> WORK INSTRUCTION: Look for the line containing "Schneeflocken mit Tellern" and the line containing "1.如阁下对AB-1003喷" in the entries below. Copy those two and all lines between them exactly, leaving out pictures.

> RECORD SET:
────────────────

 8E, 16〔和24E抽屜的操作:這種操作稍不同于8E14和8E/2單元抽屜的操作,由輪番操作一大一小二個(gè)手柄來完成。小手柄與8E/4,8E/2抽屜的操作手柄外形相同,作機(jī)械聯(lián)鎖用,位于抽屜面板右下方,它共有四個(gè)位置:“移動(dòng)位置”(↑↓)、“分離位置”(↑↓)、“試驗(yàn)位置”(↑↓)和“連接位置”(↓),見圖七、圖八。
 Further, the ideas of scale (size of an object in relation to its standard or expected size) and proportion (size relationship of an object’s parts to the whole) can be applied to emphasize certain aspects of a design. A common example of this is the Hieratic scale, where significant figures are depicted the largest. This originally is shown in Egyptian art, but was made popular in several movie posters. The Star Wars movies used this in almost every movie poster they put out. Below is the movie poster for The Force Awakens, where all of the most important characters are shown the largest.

────────────────

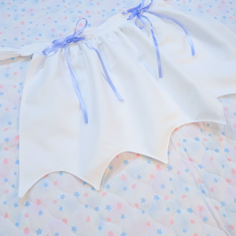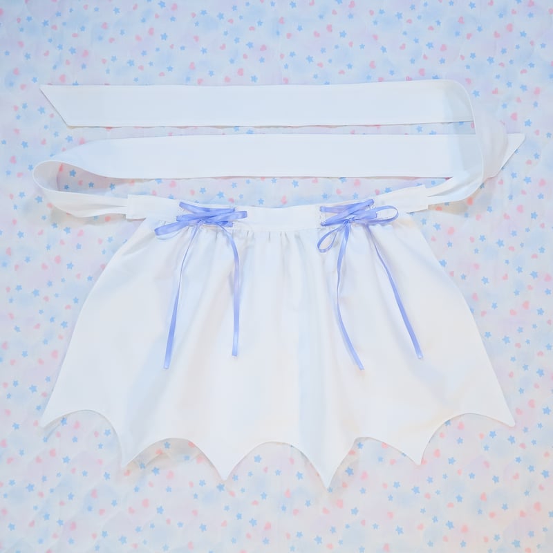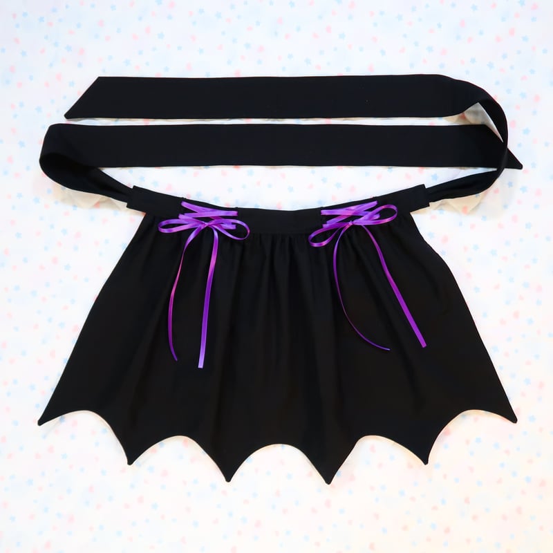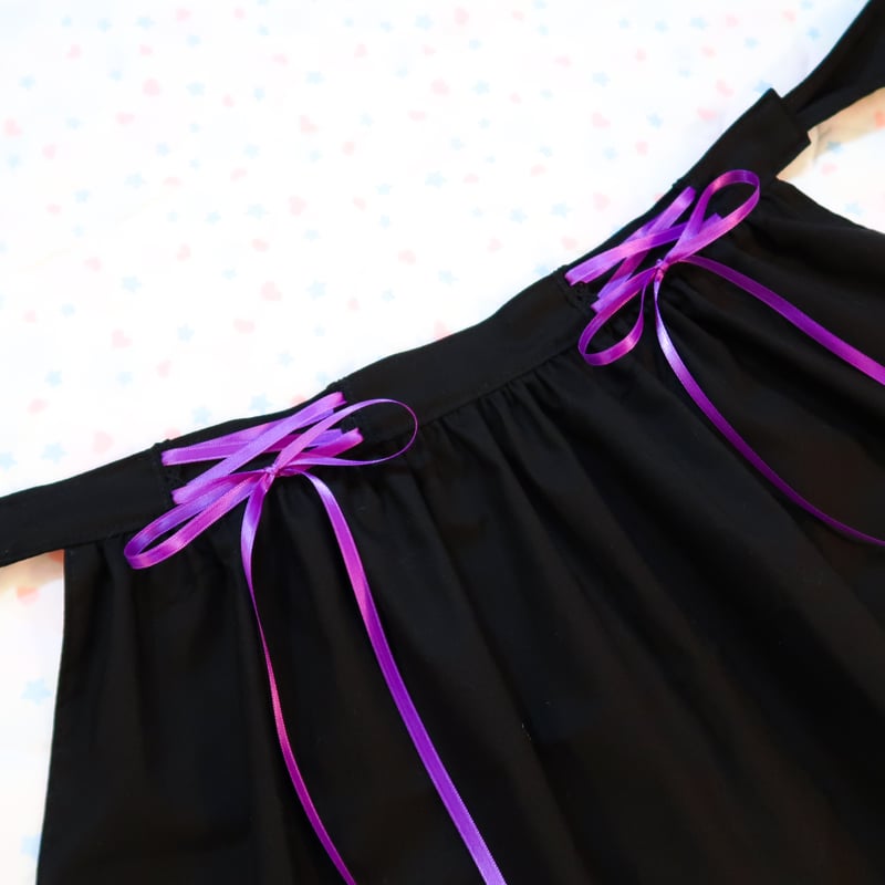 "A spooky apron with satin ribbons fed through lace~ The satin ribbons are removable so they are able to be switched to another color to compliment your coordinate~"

────────────────

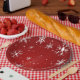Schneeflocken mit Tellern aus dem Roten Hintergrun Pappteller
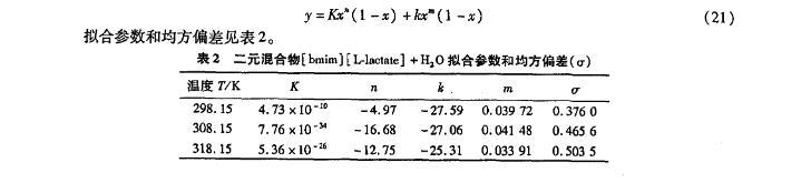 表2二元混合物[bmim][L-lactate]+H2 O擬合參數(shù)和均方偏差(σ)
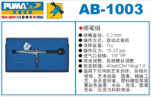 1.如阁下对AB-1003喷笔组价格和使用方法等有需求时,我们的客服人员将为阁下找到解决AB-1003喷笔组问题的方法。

────────────────

> RESPONSE AREA:
Schneeflocken mit Tellern aus dem Roten Hintergrun Pappteller
 表2二元混合物[bmim][L-lactate]+H2 O擬合參數(shù)和均方偏差(σ)
 1.如阁下对AB-1003喷笔组价格和使用方法等有需求时,我们的客服人员将为阁下找到解决AB-1003喷笔组问题的方法。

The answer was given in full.